### WHAT NEEDS TO BE DONE
Copy out the data word for word. The images are not part of the copy.

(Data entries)

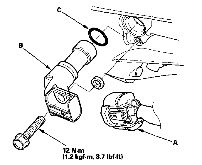4. Install the parts in the reverse order of removal with a new O-ring (C) coated with clean engine oil.
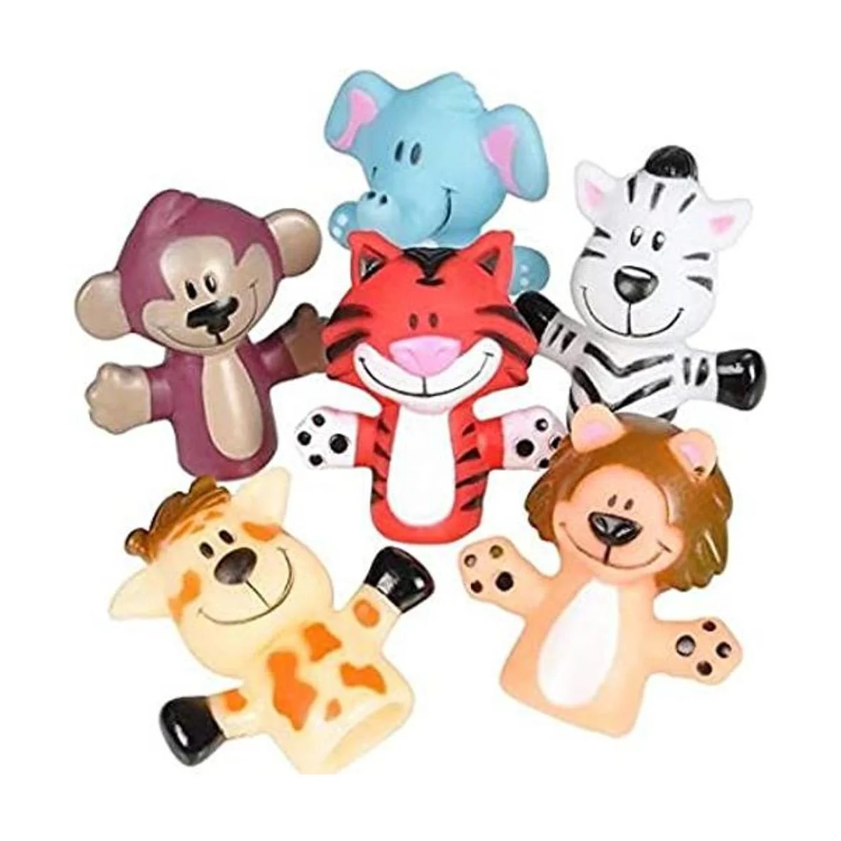 12 Zoo Safari animal vinilo marionetas de dedo Nuevo en paquete sellado.
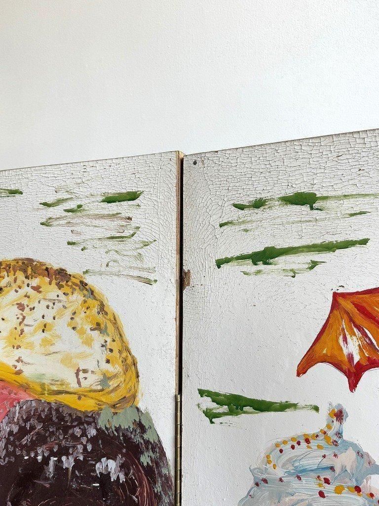 鮮やかな色使いに大胆に走った筆の跡。今にもこぼれ落ちそうな溶けたアイスクリーム。
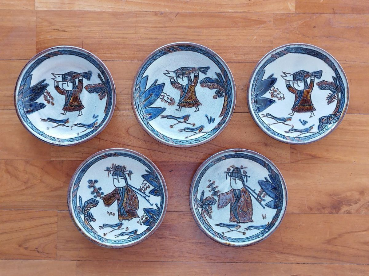線彫り五寸皿(踊り子・海人) アトリエ五香屋
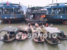 记者今天乘一艘与沉没船相似的客运船到达了沉船打捞现场。记者在现场了解到,沉没客轮“长江一号”已由原来的出事地点向下游移动了近三公里,沉船目前夹在两艘千吨级的驳船当中,打捞公司正在用缆绳固定沉船,为明天打捞出水面作准备。
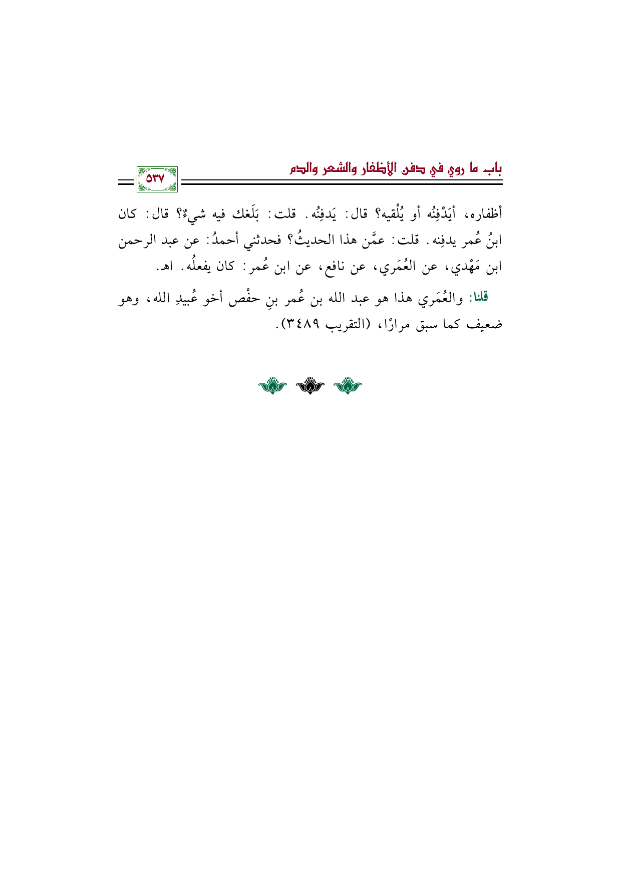 أظفاره، أيَدْفِنُه أو يُلْقيه؟ قال: يَدفِنُه. قلت: بَلَغك فيه شيءٌ؟ قال: كان ابنُ عُمر يدفِنه. قلت: عمَّن هذا الحديثُ؟ فحدثني أحمدُ: عن عبد الرحمن بن مَهْدي، عن العُمَري، عن نافع، عن ابن عُمر: كان يفعلُه. اهـ.

### TASK SOLUTION
4. Install the parts in the reverse order of removal with a new O-ring (C) coated with clean engine oil.
 12 Zoo Safari animal vinilo marionetas de dedo Nuevo en paquete sellado.
 鮮やかな色使いに大胆に走った筆の跡。今にもこぼれ落ちそうな溶けたアイスクリーム。
線彫り五寸皿(踊り子・海人) アトリエ五香屋
 记者今天乘一艘与沉没船相似的客运船到达了沉船打捞现场。记者在现场了解到,沉没客轮“长江一号”已由原来的出事地点向下游移动了近三公里,沉船目前夹在两艘千吨级的驳船当中,打捞公司正在用缆绳固定沉船,为明天打捞出水面作准备。
 أظفاره، أيَدْفِنُه أو يُلْقيه؟ قال: يَدفِنُه. قلت: بَلَغك فيه شيءٌ؟ قال: كان ابنُ عُمر يدفِنه. قلت: عمَّن هذا الحديثُ؟ فحدثني أحمدُ: عن عبد الرحمن بن مَهْدي، عن العُمَري، عن نافع، عن ابن عُمر: كان يفعلُه. اهـ.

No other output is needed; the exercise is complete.